В мутном, лежащем слоями тумане силуэты расплываются, а лиц почти не видать. Но Апрель кажется: во взгляде Люцифера мелькает алый отсвет — не то боли, не то надежды.
— Посмотрим, — тихо, почти беззвучно произносит Денница. — Посмотрим.
Глава 6
Адская свадьба
Катерина ненавидит свадьбы. Есть ли что на свете омерзительнее пунцовой, как свекла, невесты в платье с грязным подолом; жениха с плывущим взглядом, с прилипшими к потному лбу волосами; пьяной тещи, тянущей блестящие от слюны губы к свекрови, у которой на лице написано: первый и последний раз вытерплю, ради сыночки; тамады с хитрой и глупой улыбкой на отекшем от профессионального пьянства лице… Дым коромыслом, пьяные драки, лицемерие, пальба из ружей, хороводы — такой должна была стать адская свадьба. Катя была готова к ней, как к очередному мытарству, приготовленному для ее души гостеприимным инферно.
Она вытерпит. Она уже столько вынесла от своих хозяев: переходила из рук в руки, подвергаясь
жестоким испытаниям и понемногу разваливаясь — совсем как любимая кукла выводка детей, дерущихся за власть, пока родители слепо верят: их детки любят друг друга. Не беспокойтесь, они просто играют, подумаешь, кукла, мы им сто таких купим. Решая, кто сверху, в самой жестокой из игр детишки угробят игрушку в хлам, ее окончательная гибель лишь вопрос времени. Игрушка это знает и все, что ей осталось — держаться, держаться из последних сил.С ощущением кошки на раскаленной крыше, таким привычным, почти родным, сидит Пута дель Дьябло по левую руку от Люцифера. По правую руку от князя ада сидит Наама. Сиденья у дьявола и его шлюх удобней некуда — сколоченные из полированных человечьих костей, обитые тщательно выделанной, прохладной женской кожей, с высокими зубчатыми спинками, с царгами, [58] украшенными витиеватой гравировкой — перечнем самых ужасающих проклятий в адрес Люцифера. Владыка преисподней, ни в ком и ни в чем не заинтересованный, а потому безупречно любезный и до отвращения светский, подливает им вино в бокалы. Вернее, это перед Катериной стоит бокал — прозрачный и тонкий, певучий и гладкий. Перед матерью обмана красуется кубок-наутилус, сверкающий льдистым перламутром поверх вычурной резной ножки. Перед сатаной — знакомая Саграде чаша скорбей, сделанная из головы праведника. Праведника и фанатика, призывавшего к очищению души испытаниями. Теперь в его черепную коробку наливают вино на пиру сатаны.
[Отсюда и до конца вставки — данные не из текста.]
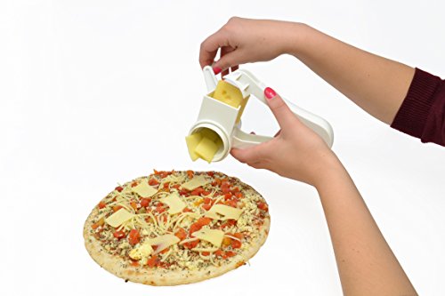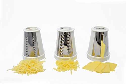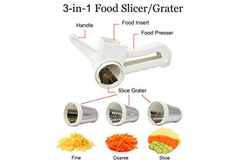 Product Description Cut Prep time in Half! This rotary grater set in white and stainless steel, includes 3 types of rotary blade settings: fine grater, coarse grater and slices. - Quick Consistent. - Shred Cheese Vegetables. - Easy to clean. - Small size for easy storing. 0

Такой вот диавольский юмор.
58
Горизонтальные планки между ножками, поддерживающие у столов крышку, а у стульев, кресел, диванов и кушеток — сиденье — прим. авт.
Катерина ищет в себе хоть какое-то беспокойство по поводу того, что ее задница попирает останки сотен грешников, чьи души, может, и сейчас горят где-нибудь в адской топке, хоть какую-то нервную дрожь от того, как Денница касается мертвой кости губами, вкус которых Катя еще помнит. Ищет и не находит. Всё это сатанинское позерство, красивости для устрашения смертных — лишь способ отвлечь ее от мыслей о главном.
О чем бы ни думать, только бы не думать об ЭТОМ, повторяет про себя Катя. Не думать, что она сама, собственной рукой благословила брак дочери с… кем? Или с чем?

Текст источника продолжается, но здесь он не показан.